Considering global advances from the first lunar landing to preparations for humans to venture to Mars (in the seemingly not so distant future!), you’d be hard-pressed to quantify the singular and collective value of the myriad research findings that have and are helping to make them possible. Yet, within the academic community, stakeholders must grapple with figuring out how to effectively evaluate and often “weigh” scholars’ contributions every day to inform decisions from grant allocation to tenure proceedings. And in this era of unprecedented research speed, many are understandably eager to have numerical research impact measures to more easily interpret ever-expanding digital “piles” of information and the growing number of journals publishing new research.

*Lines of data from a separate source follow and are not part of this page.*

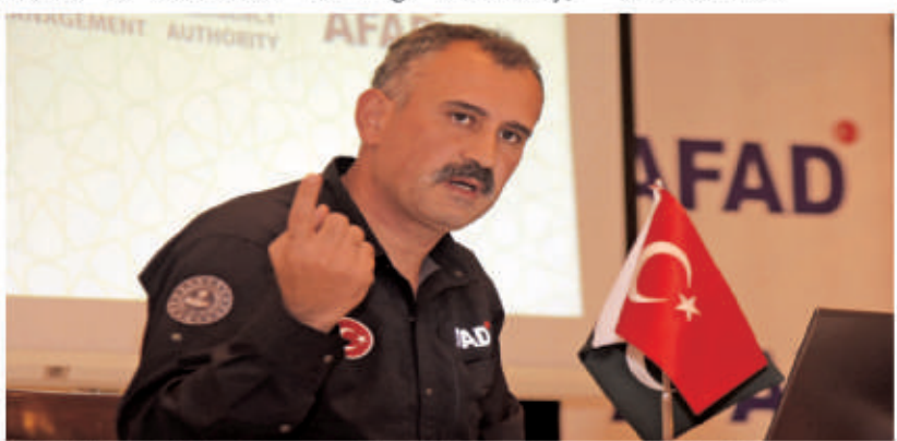
ISLAMABAD: Deputy President Disaster and Emergency Management Authority (AFAD) Omer Bozkrt addressing a press conference at Embassy of Turkey in Federal Capital.

logical achievements, free movement of people, and convenience of financial supply, providing solutions for promoting trade facilitation and raising the level of economic and trade cooperation among SCO countries. "These cases are aimed at the problems existing in the economic and trade cooperation between the SCO and BRI countries," Meng Qingsheng, Member of the Party Working Committee and Deputy Director of the Administrative Committee of SCODA, highlighted on the occasion that, "SCODA has cumulatively launched more than 50 cases of system innovation. A number of distinctive and influential achievements INP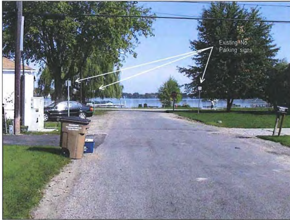
Figure 4. Portion of Buffington Considered for No Parking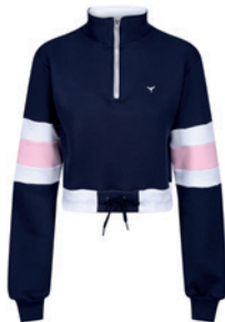
St Ives Navy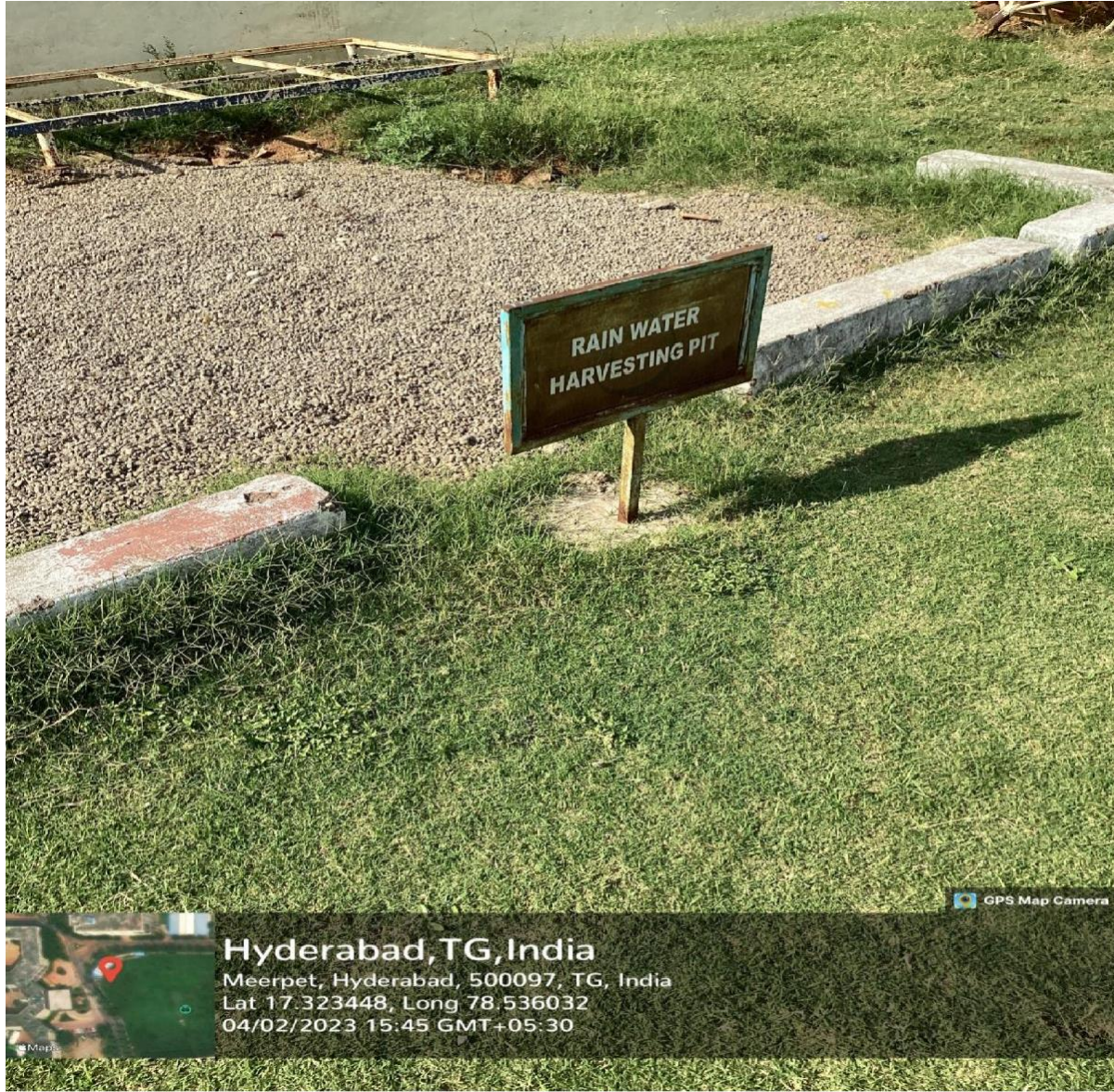
Rain Water Harvesting PIT

In an illuminating Nature review, Professor of Informatics at Indiana University Bloomington and President of the International Society for Scientometrics and Informetrics Cassidy R. Sugimoto spoke to the challenges of data-based research assessment and the perils of ignoring the flaws in once-deemed “gold standard” impact measures, including the Journal Impact Factor (JIF) and h-index. Sugimoto argued, “these measures often do more harm than good, creating what economists Margit Osterloh and Bruno Frey call a ‘taste for rankings,’ rather than a ‘taste for science’.” She pointed to established initiatives to reform research evaluation, including the Leiden Manifesto and the Declaration on Research Assessment (DORA).
Of course, such calls for community action rely on just that — widespread activities to create systemic change — and shifting entrenched norms is, well, hard. As exhibited by Sugimoto’s review, guidance for tracking research impacts still leans heavily on bibliometric systems that have been found to perpetuate inequities and reinforce Godard’s law — “when a measure becomes a target, it ceases to be a good measure.” The dilemma of figuring out how to use data to assess research outputs and their effects without directly or implicitly aggrandizing ranking-like approaches runs deep.

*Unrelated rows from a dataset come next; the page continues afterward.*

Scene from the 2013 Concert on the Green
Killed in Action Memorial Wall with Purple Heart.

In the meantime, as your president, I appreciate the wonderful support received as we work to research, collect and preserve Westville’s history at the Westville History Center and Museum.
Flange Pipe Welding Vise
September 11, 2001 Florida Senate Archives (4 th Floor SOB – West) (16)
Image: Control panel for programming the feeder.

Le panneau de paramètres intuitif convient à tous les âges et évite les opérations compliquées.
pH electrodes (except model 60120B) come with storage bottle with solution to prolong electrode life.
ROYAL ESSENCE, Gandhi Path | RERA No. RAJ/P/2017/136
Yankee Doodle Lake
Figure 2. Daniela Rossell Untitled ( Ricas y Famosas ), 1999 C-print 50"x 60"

So what steps can the scholarly community take to reform research evaluation and move away from relying too heavily on finite metrics that could skew the results? And what are the roles of different stakeholders in doing so, including journal publishers?
The first of a two-part virtual NISO panel recently explored how to identify and employ more “meaningful” metrics in line with community initiatives like DORA to support rather than preclude holistic research assessment. “We, as a species, have a tendency to want to give things a grade or rate performance on a scale,” said NISO’s Executive Director Todd Carpenter, setting the tone for the panel. “There’s a fundamental question of measuring value and what value means. Is it something we can easily put a figure on and compare in the way we do prices at a grocery store?”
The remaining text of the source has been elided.